# DATASET EXCERPT:
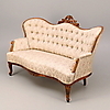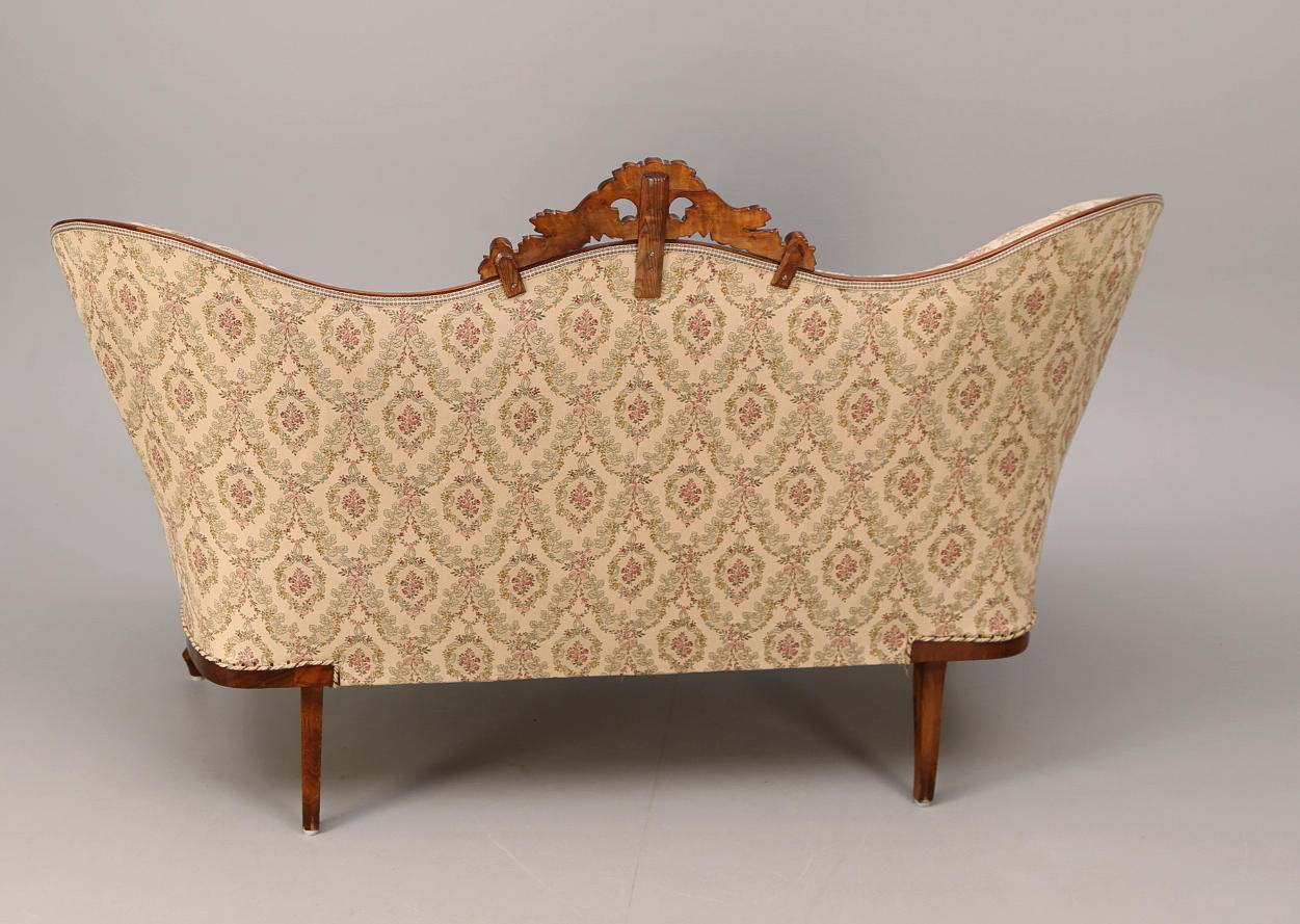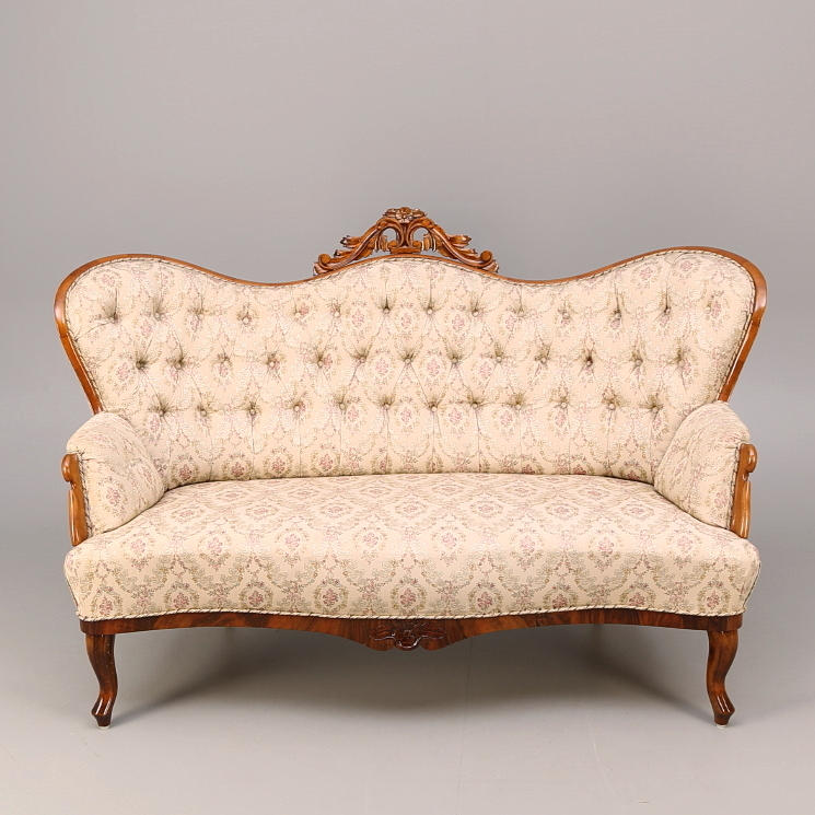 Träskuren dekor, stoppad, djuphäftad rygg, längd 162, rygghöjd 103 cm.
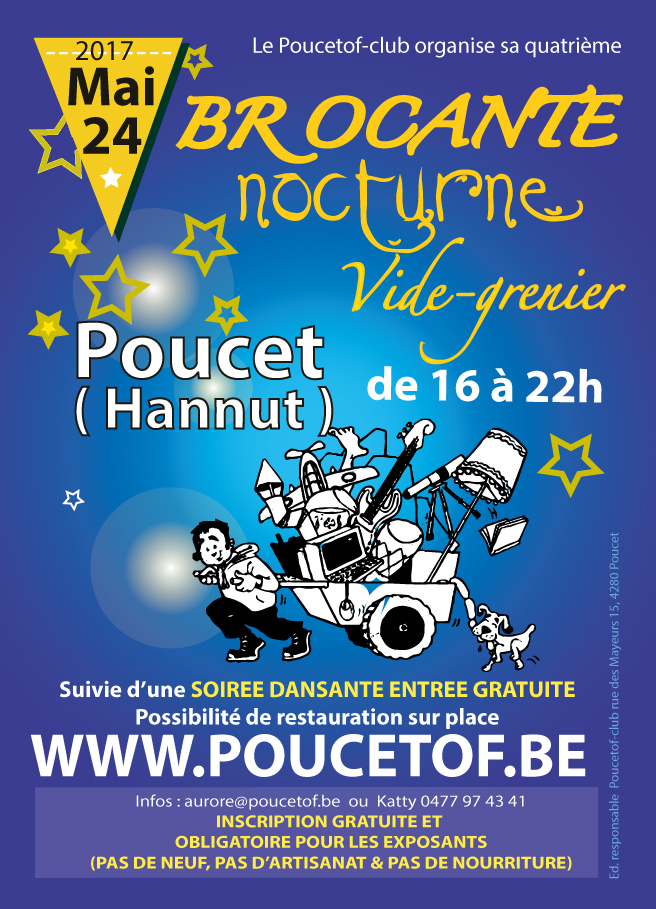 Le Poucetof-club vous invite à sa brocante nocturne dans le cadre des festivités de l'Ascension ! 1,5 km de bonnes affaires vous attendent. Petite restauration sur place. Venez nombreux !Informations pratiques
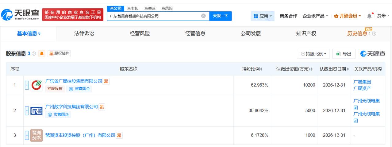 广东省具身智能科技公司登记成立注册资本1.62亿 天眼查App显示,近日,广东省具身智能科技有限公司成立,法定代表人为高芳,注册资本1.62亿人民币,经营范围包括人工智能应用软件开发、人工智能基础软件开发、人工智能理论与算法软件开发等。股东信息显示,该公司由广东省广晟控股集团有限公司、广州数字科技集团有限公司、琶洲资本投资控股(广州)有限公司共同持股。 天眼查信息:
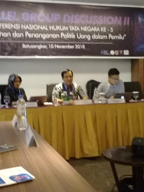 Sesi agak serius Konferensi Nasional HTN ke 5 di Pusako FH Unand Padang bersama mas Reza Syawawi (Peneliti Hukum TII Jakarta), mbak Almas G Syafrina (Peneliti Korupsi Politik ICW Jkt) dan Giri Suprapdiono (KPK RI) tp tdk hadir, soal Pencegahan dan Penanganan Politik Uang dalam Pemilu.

# YOUR OBJECTIVE:
Please copy the data above word for word, but only from the line that contains "Le Poucetof-club vous" through the final line, both included, and without the pictures.

# PROBLEM SOLUTION:
 Le Poucetof-club vous invite à sa brocante nocturne dans le cadre des festivités de l'Ascension ! 1,5 km de bonnes affaires vous attendent. Petite restauration sur place. Venez nombreux !Informations pratiques
 广东省具身智能科技公司登记成立注册资本1.62亿 天眼查App显示,近日,广东省具身智能科技有限公司成立,法定代表人为高芳,注册资本1.62亿人民币,经营范围包括人工智能应用软件开发、人工智能基础软件开发、人工智能理论与算法软件开发等。股东信息显示,该公司由广东省广晟控股集团有限公司、广州数字科技集团有限公司、琶洲资本投资控股(广州)有限公司共同持股。 天眼查信息:
 Sesi agak serius Konferensi Nasional HTN ke 5 di Pusako FH Unand Padang bersama mas Reza Syawawi (Peneliti Hukum TII Jakarta), mbak Almas G Syafrina (Peneliti Korupsi Politik ICW Jkt) dan Giri Suprapdiono (KPK RI) tp tdk hadir, soal Pencegahan dan Penanganan Politik Uang dalam Pemilu.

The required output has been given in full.